▸ **DATA**:
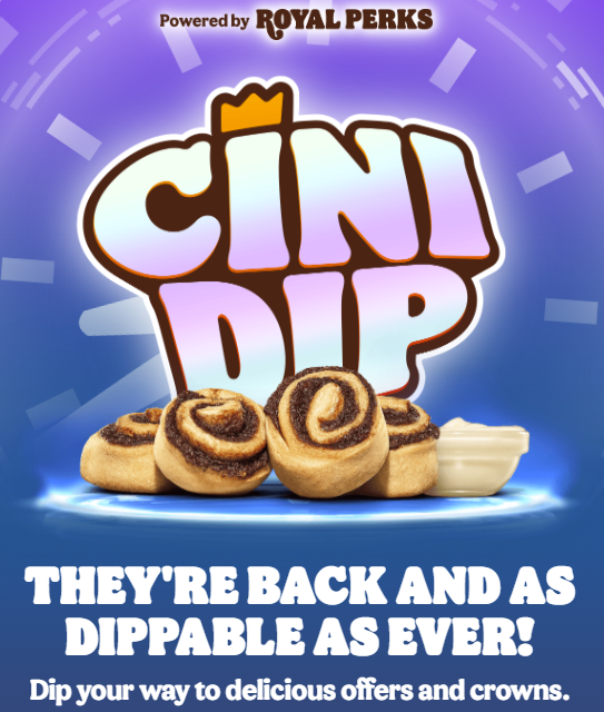 - Burger King has a new free to play game called Cini Dip that allows you to win free food/drinks or crowns
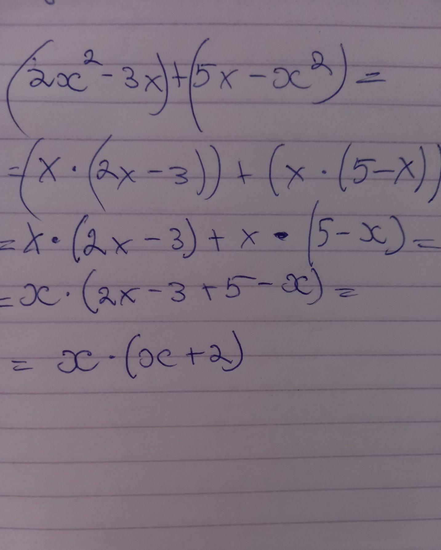 Сума: (2x²-3x)+(5x-x²)=2x²-3x+5x-x²=2x²-x²-3x+5x=x²+2x
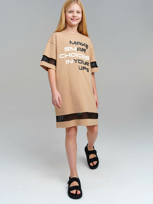 Платье для девочки подростка. Оверсайз платье-футболка из качественного и приятного на ощупь трикотажа джерси. Высокое содержание хлопка 95%. Благодаря наличию эластана в составе ткани изделие проще в уходе и держит форму. Декор из сетки. Модель выполнена из качественного и приятного на ощупь трикотажа.
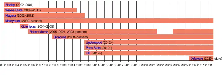- ↑ RMU dropped men's hockey at the same time it dropped the women's team. The men's team also resumed play in 2023, rejoining its former men's home of Atlantic Hockey.
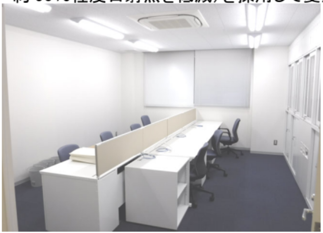 全ての部屋でLED照明を採用し、さらに2階南面の窓(執務室)に遮光フィルム(メーカー:スリーエムジャパン、シルバー35、約50%程度日射熱を低減)を採用して夏期の暑さ対策としております。

▸ **WHAT TO PRODUCE**:
Restate word for word only the lines that run from the line holding "Сума: (2x²-3x)" to the end of the data, both ends kept, leaving every picture out.

▸ **SOLUTION TO THE EXERCISE**:
 Сума: (2x²-3x)+(5x-x²)=2x²-3x+5x-x²=2x²-x²-3x+5x=x²+2x
 Платье для девочки подростка. Оверсайз платье-футболка из качественного и приятного на ощупь трикотажа джерси. Высокое содержание хлопка 95%. Благодаря наличию эластана в составе ткани изделие проще в уходе и держит форму. Декор из сетки. Модель выполнена из качественного и приятного на ощупь трикотажа.
- ↑ RMU dropped men's hockey at the same time it dropped the women's team. The men's team also resumed play in 2023, rejoining its former men's home of Atlantic Hockey.
 全ての部屋でLED照明を採用し、さらに2階南面の窓(執務室)に遮光フィルム(メーカー:スリーエムジャパン、シルバー35、約50%程度日射熱を低減)を採用して夏期の暑さ対策としております。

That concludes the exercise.